[Your goal]: A verbatim reproduction of the lines below, from the line containing "전주시 고사동 카페 '빈센트'의" through the line containing "此外,为了纪念学会成立80周", both ends included, is the whole required output.

[Available data]:
==============================

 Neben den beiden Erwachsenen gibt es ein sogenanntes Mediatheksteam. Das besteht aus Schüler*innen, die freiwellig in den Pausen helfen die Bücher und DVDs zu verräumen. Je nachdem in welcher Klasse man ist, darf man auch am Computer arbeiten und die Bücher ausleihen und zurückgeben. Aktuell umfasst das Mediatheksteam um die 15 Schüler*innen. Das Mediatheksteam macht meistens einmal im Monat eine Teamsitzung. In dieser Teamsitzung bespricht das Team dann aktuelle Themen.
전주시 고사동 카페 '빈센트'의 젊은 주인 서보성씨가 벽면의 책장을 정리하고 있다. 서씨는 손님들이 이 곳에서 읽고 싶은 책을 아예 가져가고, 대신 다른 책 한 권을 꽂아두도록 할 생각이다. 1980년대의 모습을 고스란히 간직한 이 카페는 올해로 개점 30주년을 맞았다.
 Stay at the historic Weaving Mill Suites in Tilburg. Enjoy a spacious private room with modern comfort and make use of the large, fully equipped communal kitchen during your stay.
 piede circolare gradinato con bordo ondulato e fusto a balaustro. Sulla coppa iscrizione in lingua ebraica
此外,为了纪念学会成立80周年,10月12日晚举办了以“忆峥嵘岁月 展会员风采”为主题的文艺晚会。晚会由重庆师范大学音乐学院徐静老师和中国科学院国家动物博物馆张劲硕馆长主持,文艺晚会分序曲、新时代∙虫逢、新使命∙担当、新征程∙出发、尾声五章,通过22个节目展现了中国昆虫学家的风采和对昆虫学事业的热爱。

==============================

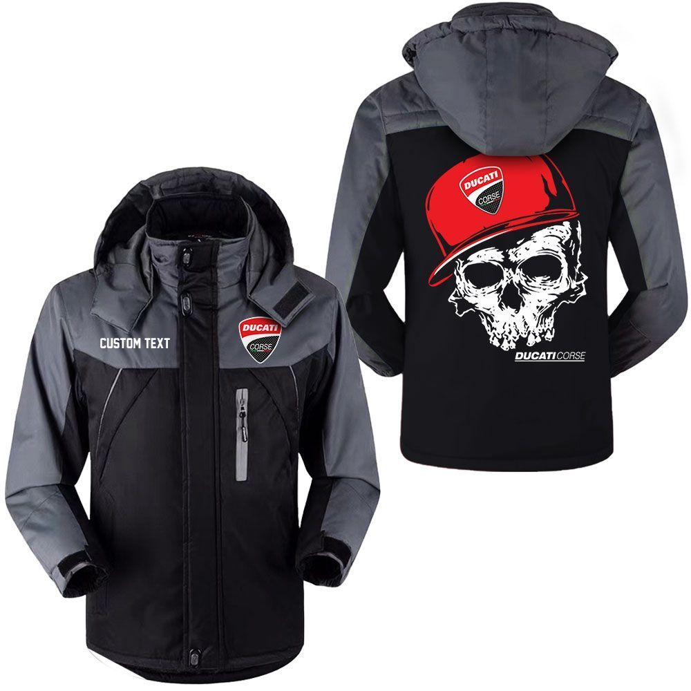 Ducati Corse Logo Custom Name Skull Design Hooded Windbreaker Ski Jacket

==============================

[Task solution]:
전주시 고사동 카페 '빈센트'의 젊은 주인 서보성씨가 벽면의 책장을 정리하고 있다. 서씨는 손님들이 이 곳에서 읽고 싶은 책을 아예 가져가고, 대신 다른 책 한 권을 꽂아두도록 할 생각이다. 1980년대의 모습을 고스란히 간직한 이 카페는 올해로 개점 30주년을 맞았다.
 Stay at the historic Weaving Mill Suites in Tilburg. Enjoy a spacious private room with modern comfort and make use of the large, fully equipped communal kitchen during your stay.
 piede circolare gradinato con bordo ondulato e fusto a balaustro. Sulla coppa iscrizione in lingua ebraica
此外,为了纪念学会成立80周年,10月12日晚举办了以“忆峥嵘岁月 展会员风采”为主题的文艺晚会。晚会由重庆师范大学音乐学院徐静老师和中国科学院国家动物博物馆张劲硕馆长主持,文艺晚会分序曲、新时代∙虫逢、新使命∙担当、新征程∙出发、尾声五章,通过22个节目展现了中国昆虫学家的风采和对昆虫学事业的热爱。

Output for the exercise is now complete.